Wird Tesla einen Ausweis verlangen, um Full Self-Driving zu nutzen?

Der Code deutet darauf hin, dass das Auto FSD blockieren könnte, wenn die Innenraumkamera den Fahrer keinem autorisierten Profil zuordnen kann. Man sollte wissen, dass dies keine plötzliche Hardware-Einführung wäre – Tesla kann die vorhandene Innenraumkamera umfunktionieren und ein Software-Update bereitstellen. Allerdings wirft die Umwandlung von Fahrererkennung in Identitätsprüfung Fragen nach Genauigkeit, Fehlablehnungen und dem Kundenerlebnis auf.

Die Innenraumkamera ist ein stiller Türsteher am Autoeingang. Wenn dieses System aktiviert wäre, wäre es sowohl eine Produktkontrolle als auch eine Verlustverhütungsmaßnahme: Es schützt die Abonnementumsätze und reduziert die Haftung, wenn ein Auto von jemandem benutzt wird, den der Kontoinhaber nicht autorisiert hat.

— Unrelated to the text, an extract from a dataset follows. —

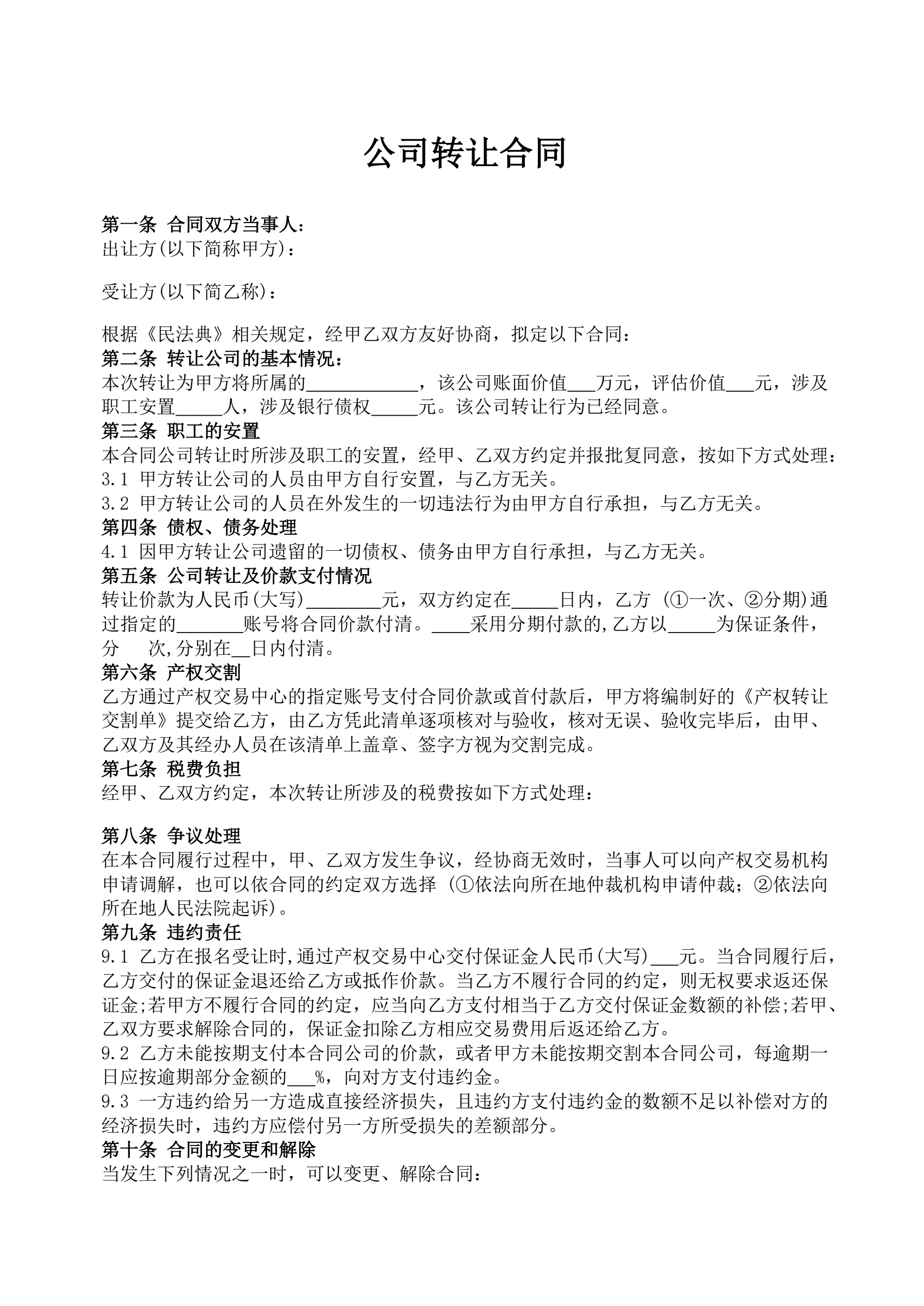 公司转让合同

Ich beobachtete, wie Entwickler und Datenschutzbefürworter in Echtzeit reagierten

Innerhalb weniger Stunden nach dem Auftauchen der Strings wiesen Forscher und datenschutzorientierte Journalisten auf die Auswirkungen hin – diese Reaktion ist teils Alarm, teils Neugier. Regierungen haben bereits Schritte in Richtung Alters- und ID-Checks online unternommen: Australien, das Vereinigte Königreich, Brasilien und mehrere US-Bundesstaaten haben Plattformen aufgefordert, Nutzer für altersbeschränkte Inhalte zu verifizieren. Diese Präzedenzfälle geben Regulierungsbehörden und Unternehmen eine Vorlage, um die Verifizierung auch in anderen Kontexten, einschließlich Fahrzeugen, zu verlangen.

Wie würde die Innenraumkamera einen Fahrer verifizieren?

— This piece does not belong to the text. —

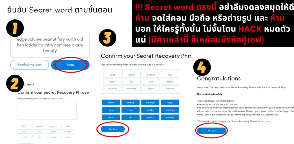 5. ยืนยัน Secret word ตามขั้นตอน

Derzeit erkennt die Kamera von Tesla Blickrichtung und Kopfhaltung, um die Aufmerksamkeit zu bewerten; Code-Strings deuten auf einen Schritt zur Identitätsübereinstimmung als Nächstes hin. Die Implementierung könnte von lokal gespeicherten, profilbasierten Gesichtsschablonen bis hin zu fortschrittlicheren biometrischen Abgleichen, die mit einem Konto verknüpft sind, reichen. Plattformen wie Discord beauftragen bereits Drittanbieter in Regionen mit gesetzlichen Verpflichtungen zur Verifizierung, und Start-ups wie World von Sam Altman haben Augenscanning-Hardware (den Orb) als Mittel zur Schaffung persistenter IDs angeboten – eine Erinnerung daran, dass mehrere Akteure die Identität von Papier auf Sensoren verlagern wollen.

Full Self-Driving würde als digitaler Reisepass fungieren, der dem Gesicht des Fahrers aufgedrückt wird. Diese Metapher birgt praktische Kompromisse: strengere Kontrolle und ein reibungsloseres Abrechnungsmodell für Tesla, aber neue Datenschutz- und Zustimmungsprobleme für die Fahrer.

Werden die Fahrer biometrische ID-Checks akzeptieren?

Die öffentliche Meinung ist gemischt. Eine aktuelle Notiz des Pew Research Center zeigt, dass Amerikaner einige Altersverifizierungen online unterstützen, aber unbehaglich sind, wenn sie ID-Dokumente an Plattformen weitergeben. Eine separate Umfrage der Versicherungsseite The Zebra ergab, dass die meisten Fahrer Auto-Funktionen ablehnen, die ihre Kontrolle einschränken, wie z. B. obligatorische Geschwindigkeitsbegrenzer. Diese Einstellungen deuten auf eine Einführung mit Reibungsverlusten hin: Die Menschen werden Sicherheitsanreize eher tolerieren als wahrgenommene Überwachung oder monetarisierte Gatekeeping.

Ich sage Ihnen, worauf Sie als Nächstes achten sollten: offizielle Benachrichtigungen in der Tesla-App, ein Firmware-Update für das Fahrzeug, das sich auf Identitäts- oder Profilprüfungen bezieht, und behördliche Einreichungen, die biometrische Prüfungen erwähnen. Behalten Sie Electrek, X-Threads von Tesla_App_iOS und die eigenen Versionshinweise des Unternehmens im Auge; diese deuten oft auf Produktbewegungen hin, bevor Pressemitteilungen erscheinen.

Tesla hat Anfragen nach einem Kommentar nicht beantwortet, und solange Code keine Firmware wird, bleibt die Änderung spekulativ – aber die Richtung ist klar: Die ID-Verifizierung verlässt Websites und nimmt den Fahrersitz ein. Wie weit werden Sie Ihrem Auto ins Gesicht schauen lassen, bevor es entscheidet, ob Sie fahren dürfen?